The Far Country
Jennifer said, “It’s quite all right—there’s really heaps of food. Of course, it’s not like it is here, or on the ship. But there’s heaps to eat in England.”
“Not meat, is there?”
“No. Meat is a bit scarce.”
“When you say scarce, Jenny, what does that mean? One hears such different stories. One day you see a picture of a week’s ration of meat in England about the size of a matchbox, and then someone like you comes along and says it’s quite all right. Can you get a steak?”
“Oh, no—not what you’d call a steak.”
“What about restaurants? You can’t go in and order a grilled steak?”
The girl shook her head. “I don’t think so. You might at the Dorchester or some hotel like that that ordinary people can’t afford to go to. I’d never tasted a grilled steak till I got on the ship.”

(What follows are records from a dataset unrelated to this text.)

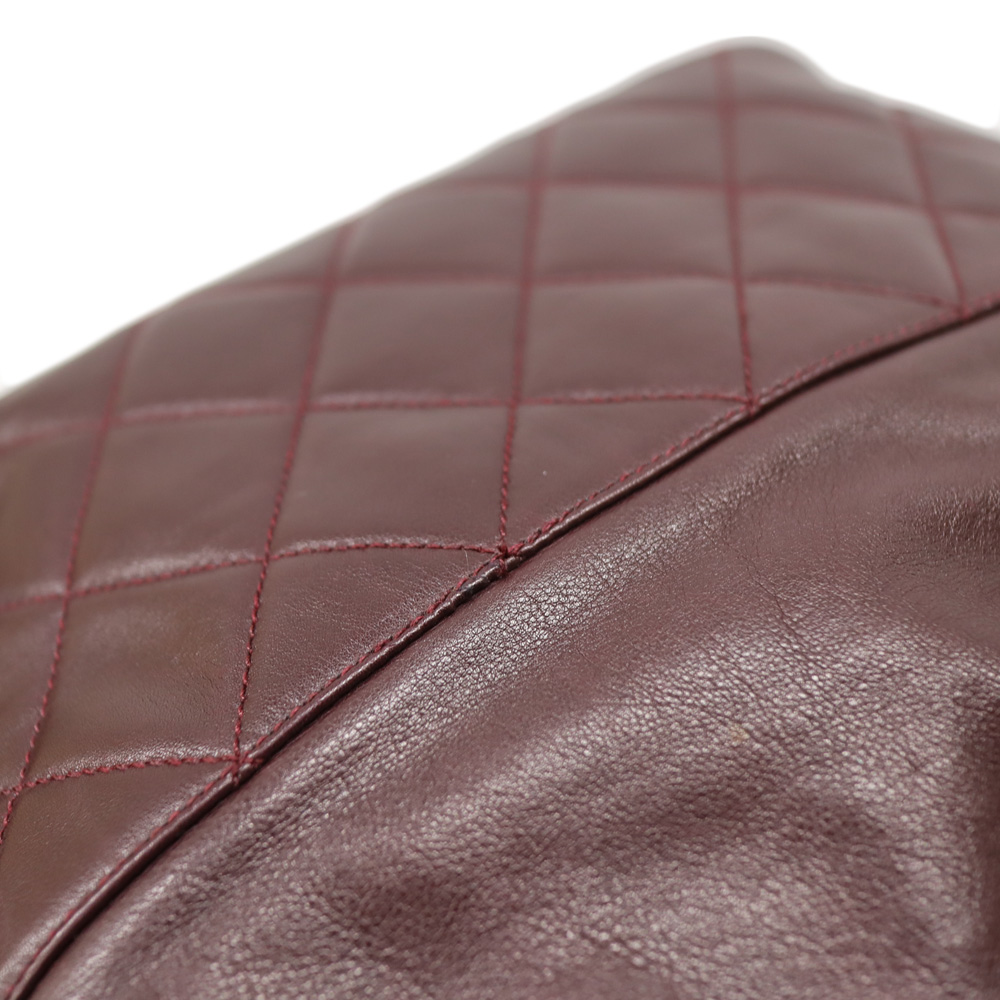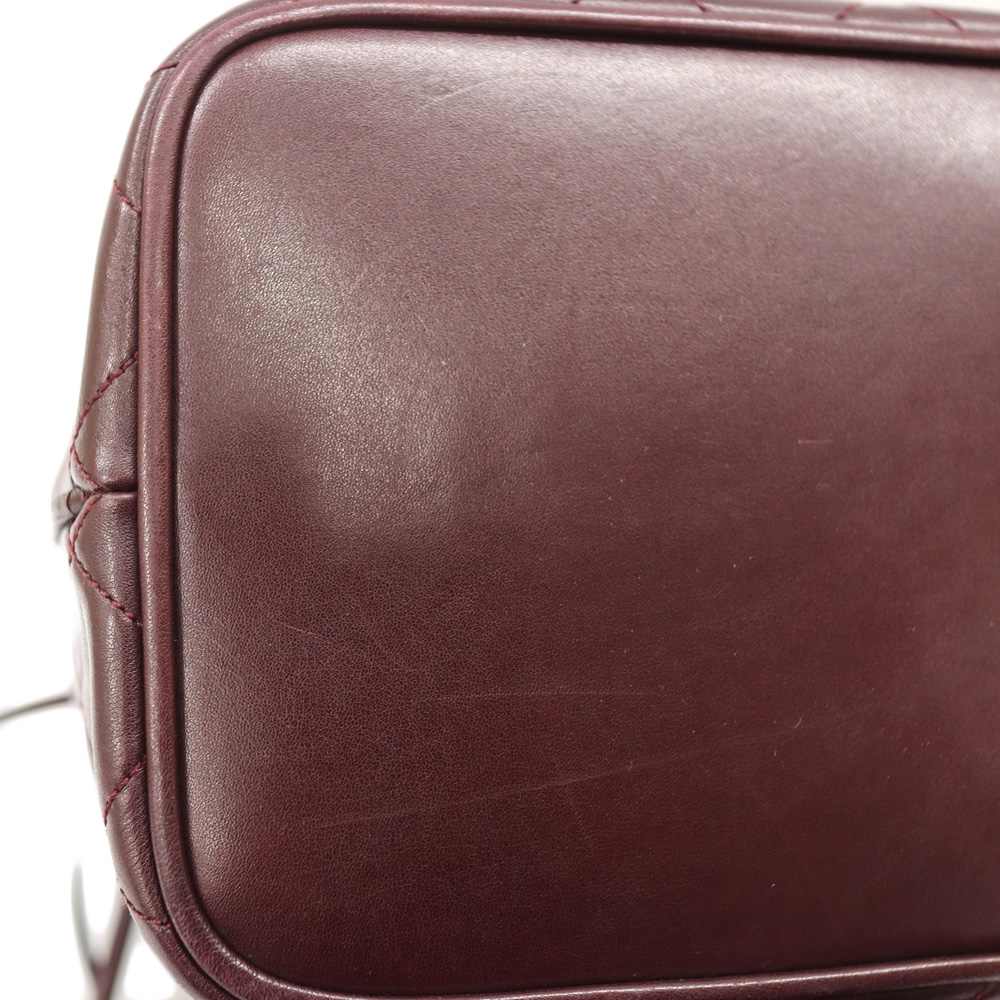 全面に使用されたボルドーカラーが目を惹くバッグです。 開閉用のひもにはココマークがデザインされた金具がついており、シャネルらしいデザインとなっております。 巾着開閉式のため、開けやすく普段使いにおすすめです。 お探しの方はこの機会にぜひいかがでしょうか。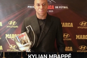体育资讯11月25日讯 马卡报官方宣布,皇马前锋姆巴佩在今日领取了该媒体所设立的24-25赛季“皮奇奇”奖。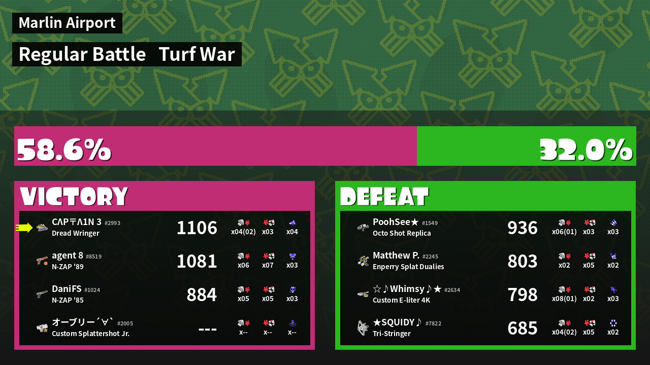 | Medals | #1 Turf Inker #1 Splat Assister #1 Ink Consumer | ||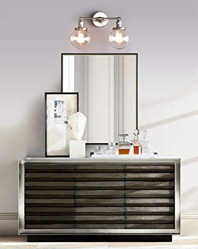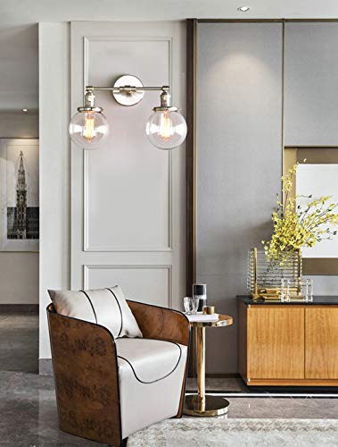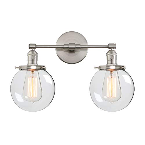 Phansthy Industrial Style Wall Light Clear Double Sconce with 5.9 Inches Glass Round Canopy On/Off Button(Brushed)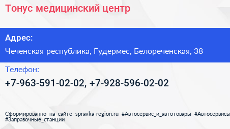 Тонус, медицинский центр по адресу Чеченская республика, Гудермес, Белореченская, 38 в дальнейшем Организация, размещена в следующих категориях: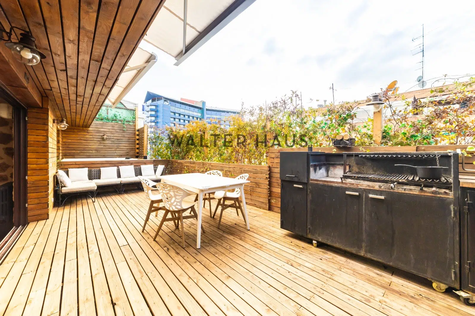 Walter Haus presenta aquest exclusiu àtic reformat amb terrassa i piscina, una propietat que destaca pel disseny contemporani i detalls d’alta qualitat. Amb una superfície de 161 m², aquest habitatge ofereix espais amplis i funcionals que conviden al confort i al gaudi. La seva distribució, acuradament dissenyada, combina estètica i practicitat a cada racó.
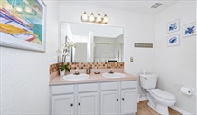 Second Master Bedroom sleeps Queen | Large and spacious second master with en-suite & twin sinks. Flat screen TV Large walk in wardrobe with ample storage Tastefully decorated in pastel shades Hairdryers |

“Never tasted a grilled steak?”
“No. Even if you could get the steak, I don’t think you’d cook it that way, because of wasting the fat.”
Jane asked, “But what do you cook when you go out on a picnic?”
The question rather stumped the English girl. “I don’t know,” she said, and laughed. “Not that, anyway.”
“You eat a lot of fish, don’t you?”
Jennifer nodded. “A lot. Do you get much fish here?”
“Not much fresh fish. I don’t think we’ve got the fishing fleets that you’ve got at home. We get a lot of kippers and things like that.”
“Like the English kippers? Herrings?”
“They are the English kippers,” Jane said. “Scotch, rather. They all seem to come from Aberdeen.”
“Do you get those out here?”
“Why, yes. You can buy kippers all over Australia.”
“They’re getting very scarce at home,” the girl said. “I remember when I was a schoolgirl, in the war, the kippers were awfully good. But it’s very difficult to get a kipper now at home.”
“Funny,” Jane said, “We’ve had lots of them out here for the last two or three years. It always makes me feel very near home when we have kippers for breakfast.”
The girl asked, “Have you ever been home since you came out here?”
Jane shook her head. “Jack suggested we should go home on a trip a few months ago,” she said. “But I don’t know. All the people that I’d want to see are dead or gone away—it’s over thirty years since I left home. And everything seems to have changed so much—I don’t know that I’d want to see it now. Our old house is a school. It used to be so lovely; I don’t want to see it as a school.”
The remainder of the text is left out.